You implied that because of the Taxation class the Spanish policeman would be dopey enough to assume a HGV licence would be needed. I credit it him with more sense.

Remember these silly LGV classification's are from europe. thats why we have the Pre and post 97 licence anomoly.

You cant have it both ways 

George


----------



## 88838 (May 9, 2005)

hey hotspuds0, if you are still with us welcome to the site, we are nothing if not voluble  but - are you any the wiser?? 

8)


----------



## 93795 (May 1, 2005)

This discussion is fascinating especially in the way that it has highlighted some of the anomalies in our rules and regs.
Out of curiosity I looked at my registration document which was first issued in 1993 it states :-
Fiat
Ducato 14 Dies Turbo
Motor Caravan
3100 kg gross
Heavy Oil
Private/Light Goods (PLG),
so I drive a 'Goods Vehicle' and presumably am subject to any applicable 'Goods Vehicles' laws??
:? :? Phil.


----------



## 88838 (May 9, 2005)

I think you will find that we are a sub-class, as motorcaravans, and as such can be subject to specific definitions - as in the speed limit debate.

8)


----------



## RobMD (May 9, 2005)

When I had my new Reg. Document, the Revenue Weight was wrong so I sent it back for an updated one - The Moral is, check every detail carefully inc. Serial Numbers!!


----------



## peedee (May 10, 2005)

The onus is clearly on the owner to make sure the V5C is correct. My old style V5 does not show the weight which I think is an error and as a result they have put my vehicle in the wrong class. New style certificates are issued shortly after you tax the vehicle so I am due mine anyday now and I will sort it out then.

peedee


----------



## 88724 (May 9, 2005)

Hi Twooks

On speed we are in a strange position

below 3 tonnes normal car speeds

Over three tonnes, but less than 12 metres its 60 60 70 for Single, Dual and Motorway

Over 12 Metres 50 60 60

If you look at the chart here you can see that we have been seperated from Goods Vehicles. Chart here >>> http://www.devon-cornwall.police.uk/v3/roadsafe/speed/

We have been put there due to construction and use definition, the construction and use definition allows up to 16 tonnes on single axle and makes a Motor Caravan definately NOT a goods vehicle.

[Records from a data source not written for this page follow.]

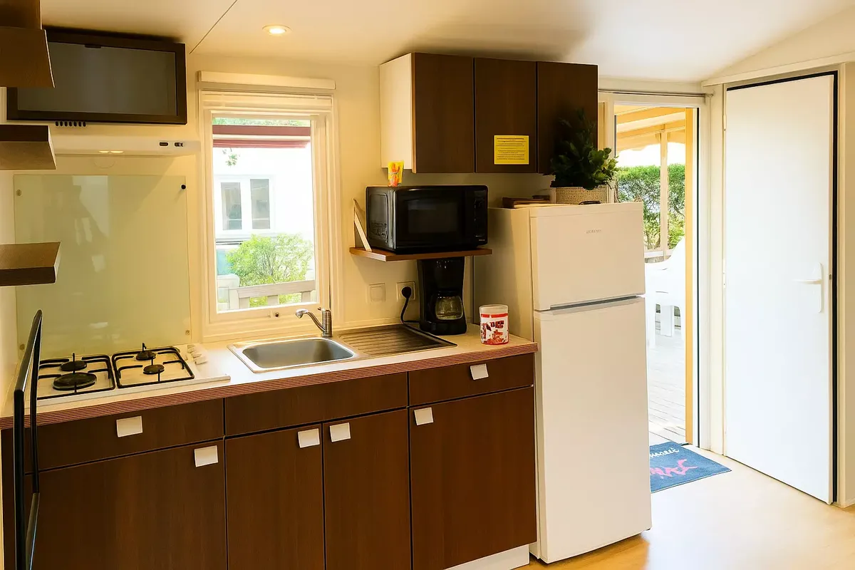 Ménage final : en option 90€/mobil home 3 pièces - 110€/mobil home 4 pièces - sur demande 48h à l'avance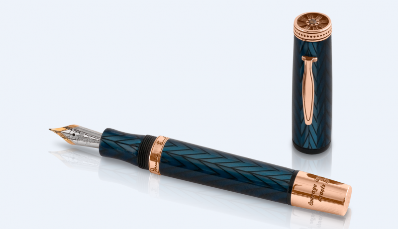 Tento velkolepý psací nástroj se skládá z unikátní trojrozměrné břidlice modré a černé s celuloidem ve vzoru rybí kosti.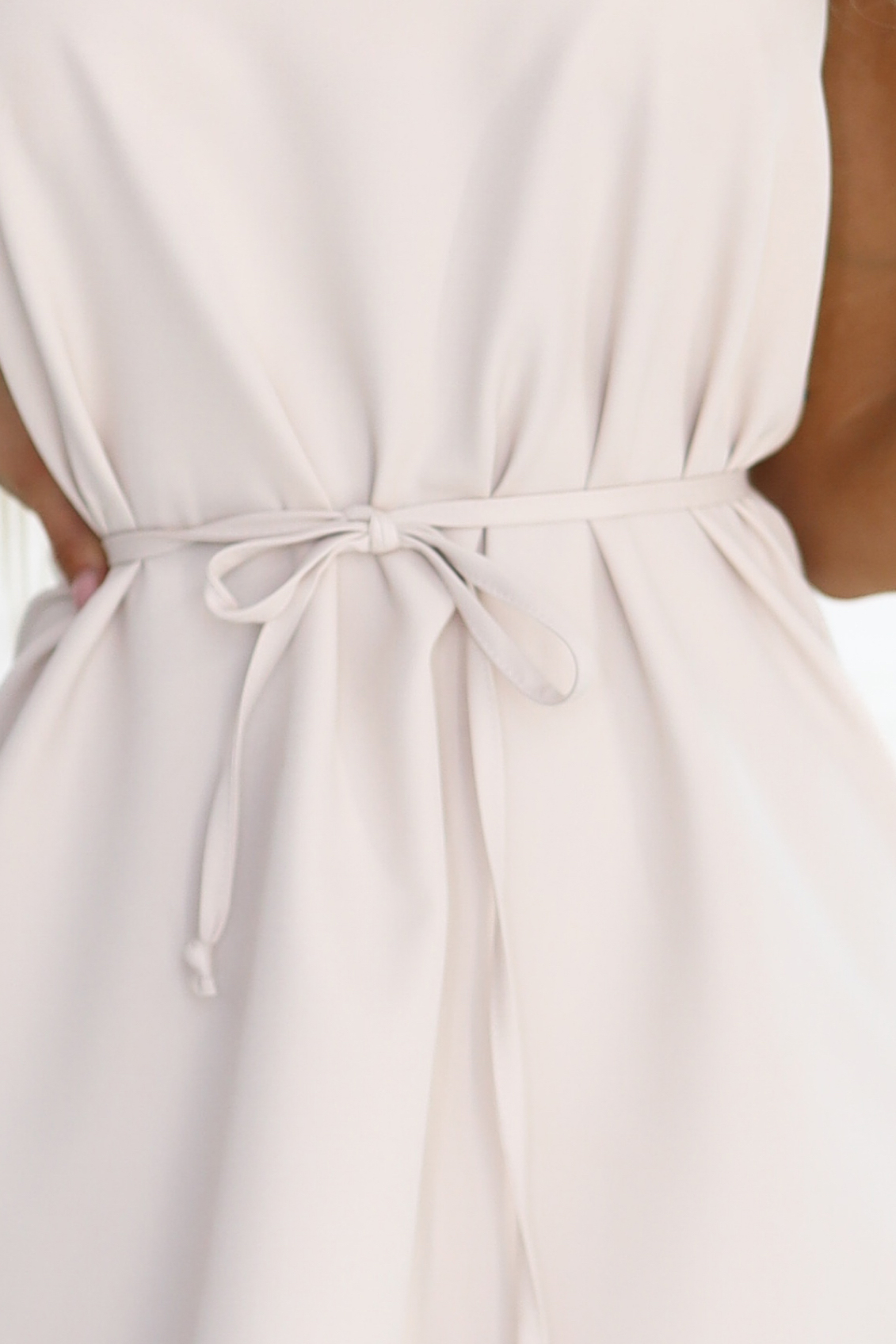 Ez a Numoco ruha letisztult eleganciát és kényelmes viseletet kínál, amely tökéletes választás a mindennapokra, munkahelyi megjelenéshez vagy akár alkalmi programokra is. A kerek nyakkivágás és az ujjatlan kialakítás szépen kiemeli a vállakat, miközben könnyed, nőies összhatást teremt. A deréknál elhelyezett megkötős öv lehetővé teszi a sziluett finom formálását, a bővülő, trapéz szabás pedig lágy esést és kényelmes mozgást biztosít. A térd fölé érő hossz praktikus és sokoldalúan viselhetővé teszi, így ez a darab könnyedén alkalmazkodik különböző alkalmakhoz.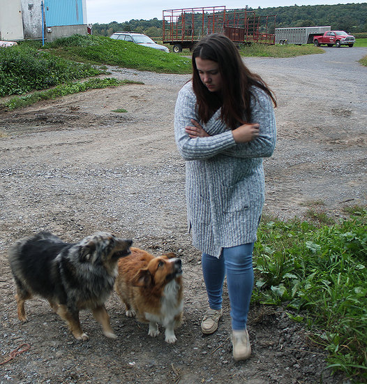 Cheyenne Keppler stands with her two dogs, Moose and Jackson, at her family’s farm in Knox on Monday. Behind her, the last of the Keppler cattle are being loaded into another farm’s truck.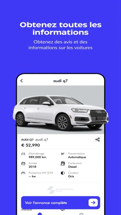 Autorockin est l'application idéale pour les amateurs de voitures qui cherchent leur prochain véhicule en France. Nous offrons une large sélection de véhicules de qualité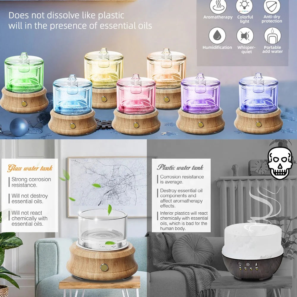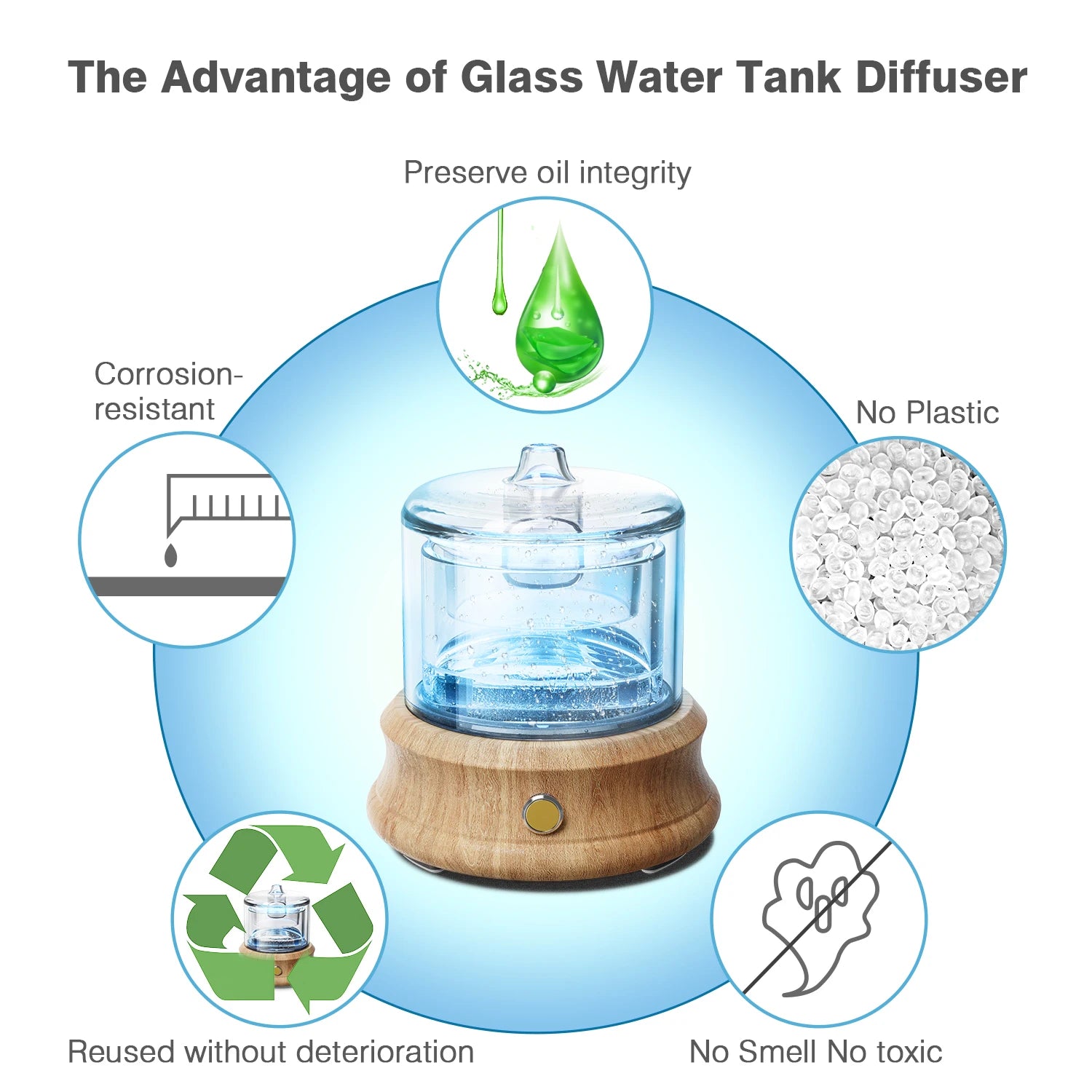 Glass Essential Oil Diffuser Humidifier Waterless Auto Shut-Off Colors Lights Aroma Diffusers For Bedroom Home Yoga Gift 80ML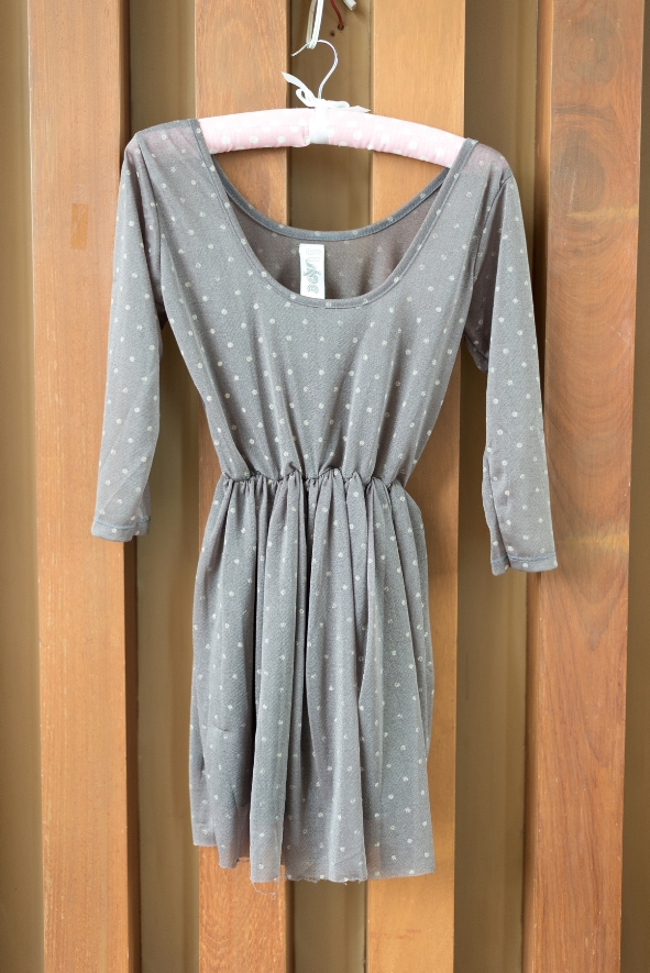 A024 เดรสสีม่วงลายจุดสีน้ำตาล อก 32” เอวยืดได้ถึง 30” ยาว 30” ราคา 70 บาท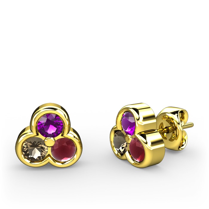 Ametist, dumanlı kuvars ve kök yakut 8 ayar altın küpe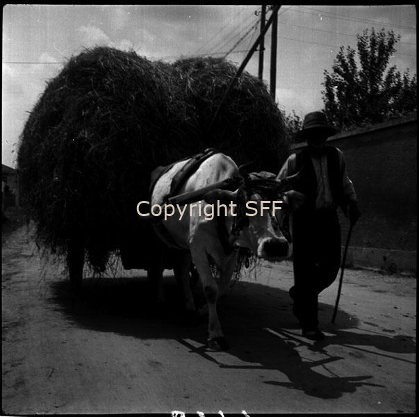 Carro di fieno tirato da un bovino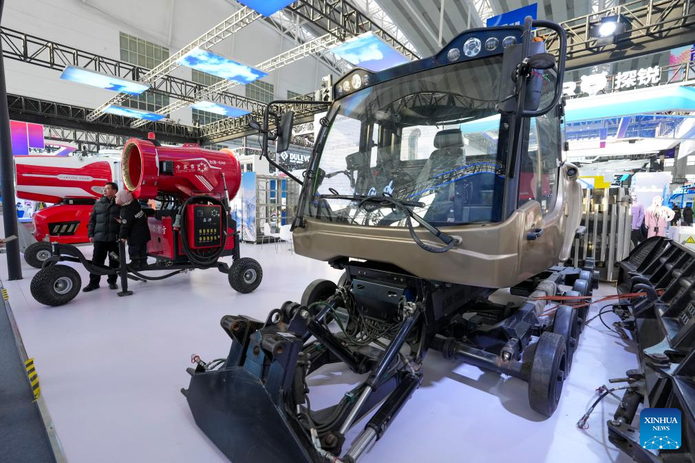 Une dameuse est exposée à l'Exposition internationale de l'économie hivernale de Harbin, dans la province du Heilongjiang (nord-est), le 6 janvier 2026. L'exposition de trois jours a débuté le 6 janvier, mettant en avant les principales réalisations dans le secteur de l'économie hivernale. (Xinhua/Wang Song)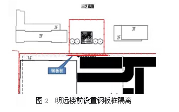明远楼两侧有4棵枝繁叶茂的古树,其与明远楼形成一个极为融洽的风景。为避免在施工过程中对这4棵古树产生破坏性的影响,因此,在进场施工之前,在4棵古树与基坑边之间插入了一排9m深的拉森钢板桩,使其根系与施工区域之间形成一道人为的屏障,尽可能的减少对其的破坏。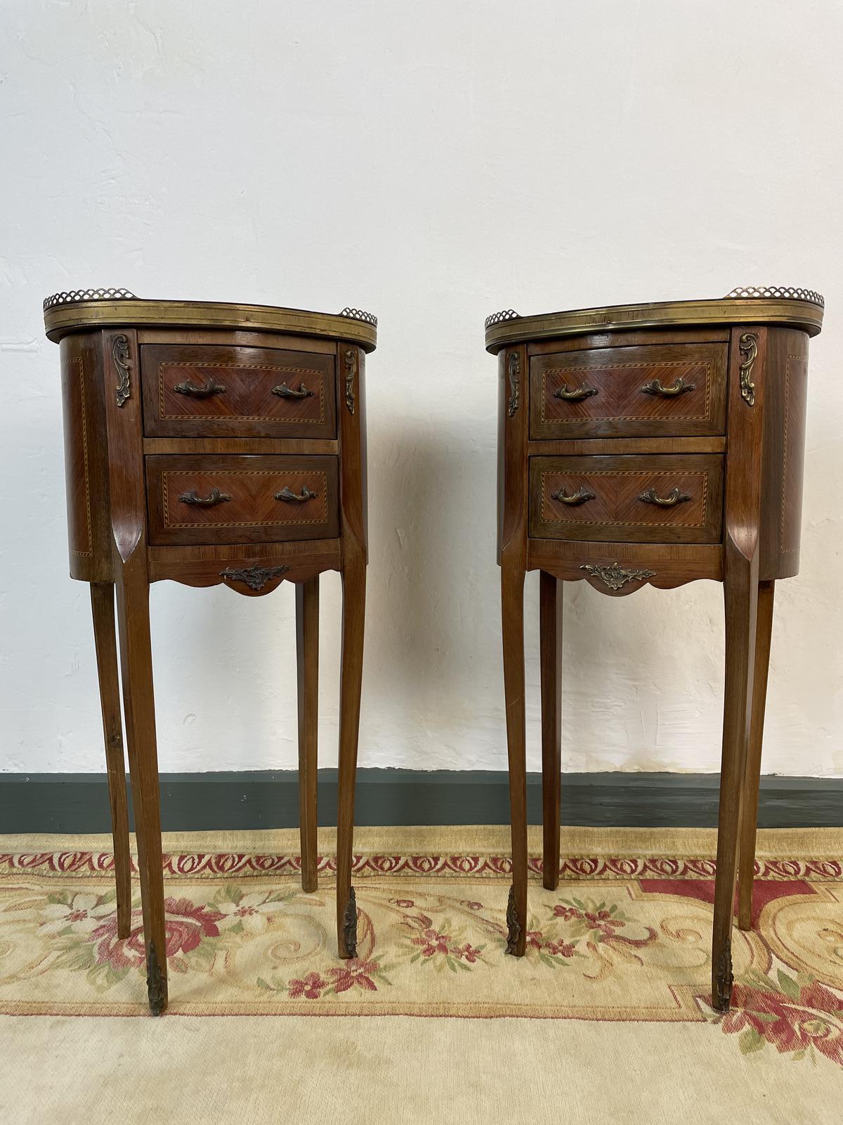 French Marquetry Bedside Tables Oval Cabinets with Marble Tops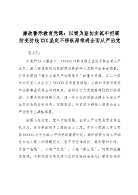 廉政警示教育党课:以案为鉴切实筑牢拒腐防变防线 坚定不移纵深推进全面从严治党.docx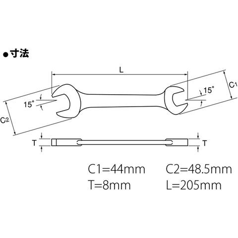 - 口の傾き角度が約15°付いており裏表を使用する事で狭い場所での作業を可能とします。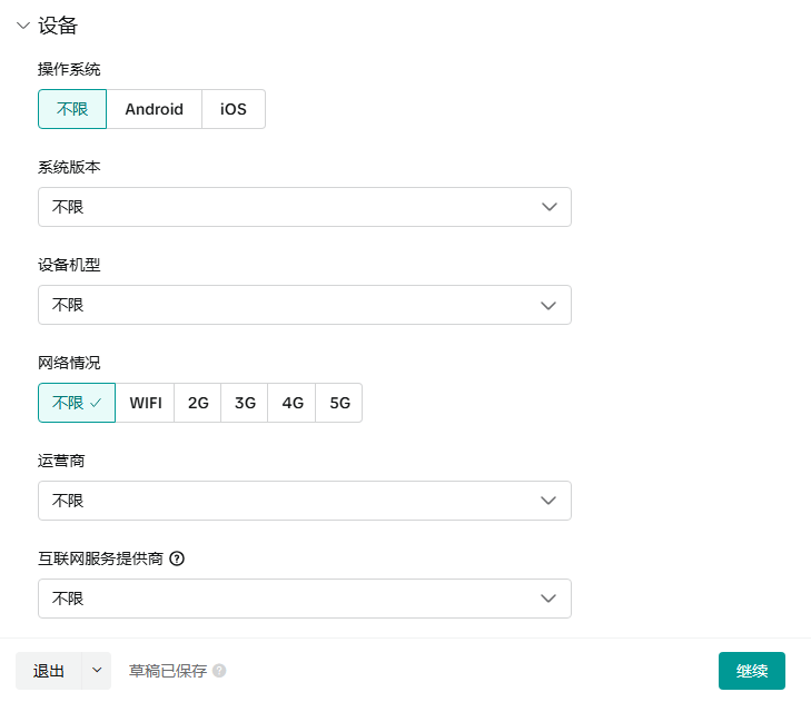 7:设备这里,暂时不做修改,等跑出数据后,通过转化情况再做筛选。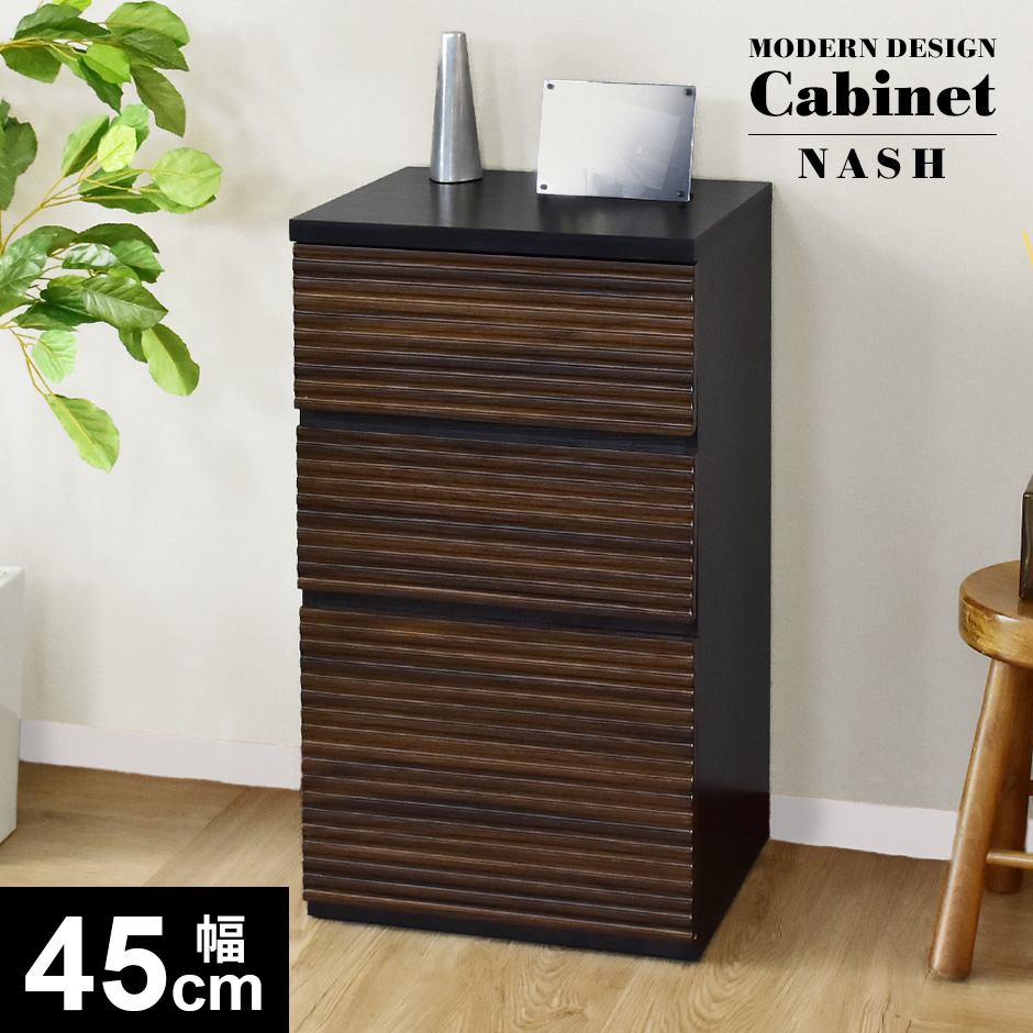 ■配送料について※別途送料対象地域のお客様はご購入手続きの際、その他要望欄へ【別途送料了承済み○○円×購入点数】と記入下さいますとスムーズな対応が可能です。・北海道:+2,000円・沖縄・離島:別途お見積り◆他商品との同梱は出来かねます。予めご了承ください。■商品名:ナッシュ/キャビネット(収納)【Nash/Cabinet】◆サイズ幅45×奥行40×高さ83(cm)◆材質メラミン、合成樹脂化粧繊維板◆重量約26kg◆耐荷重天板:10kg引き出し上・中段:各5kg引き出し下段:10kg◆梱包サイズ約幅88×奥行48×高さ15(cm)/約28kg(梱包材含む)◆備考※その他、記載事項ご確認の上ご注文ください。※ご使用のモニターやディスプレイ等の環境によって、実際の明るさや色と多少異なって見える場合がございます。※組み立て方や個体差により表記と多少の差異が生じる場合がございます。 ご予約商品をご購入の場合、au PAYゆったり後払いはご利用になれません。他のお支払方法をご選択ください。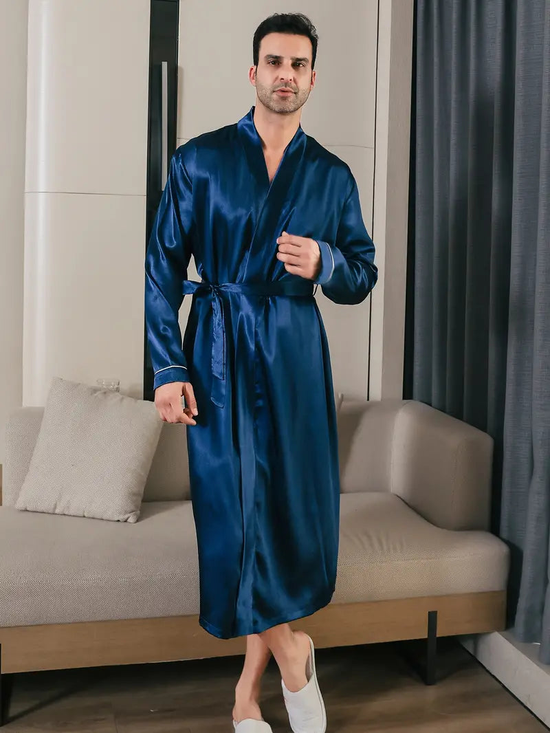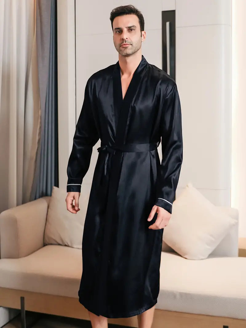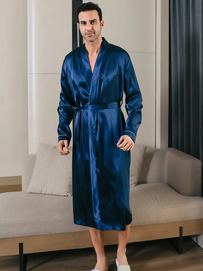 Découvrez l'élégance et le confort absolu avec ce peignoir en satin pour homme. Son design original inspiré du kimono ajoute une touche de luxe à votre routine quotidienne après le bain. Ce modèle Doux et fluide fait partie de la collection Peignoir homme luxe.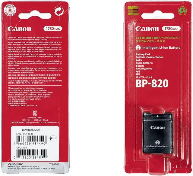 This Canon BP-820 Lithium-Ion Single Battery Pack uses lithium-ion chemistry and has a capacity of 1780mAh with a voltage of 7.4 VDC. The battery is designed to resist memory effect, so it continues to last just as long between charges as it did when it was new. This battery comes with retail packaging.

Full timer's beware under construction and use some of you may be driving "living vans" which would put you in a real Goods Vehicle Category, in which case the 3.5 tonnes 7.5 Tonnes and HGV licence law does apply, but thats the least of you worries then, heres a few other problems you would have

1. Tachograph
2. Lower Speeds
3. Higher costs for everything, Road Tax, Insurance, ferries, tolls Tax, in some countries abroad you would have to buy local road tax too.
4. far greater restrictions on road usage no 3rd lane over here and restrictive rules abroad.
5. regular "MOT's" is it every 3 months?

Peedee

They are trying to quietly take your rights away, the original was right as no revenue weights apply to a Motor caravan, its the sneaky new taxation system filtering accross from Europe. But heh you seem to agree with them anyway. Personally if I am being shafted I dont pass them the vasaline.

All, have a look the only dept that actually classifies motor caravans is construction and use and they classify them as I have said no restriction by weight and NOT a goods vehicle.

DVLA do in a leaflet but thats an opinion and as it says not the Law, they cannot quote the law they say they are basing it on.

Ministry of Transport Test it as if it were a car.

Road tax is for certain weights Private HGV but this is a revenue weight only and nothing to do with Licencing.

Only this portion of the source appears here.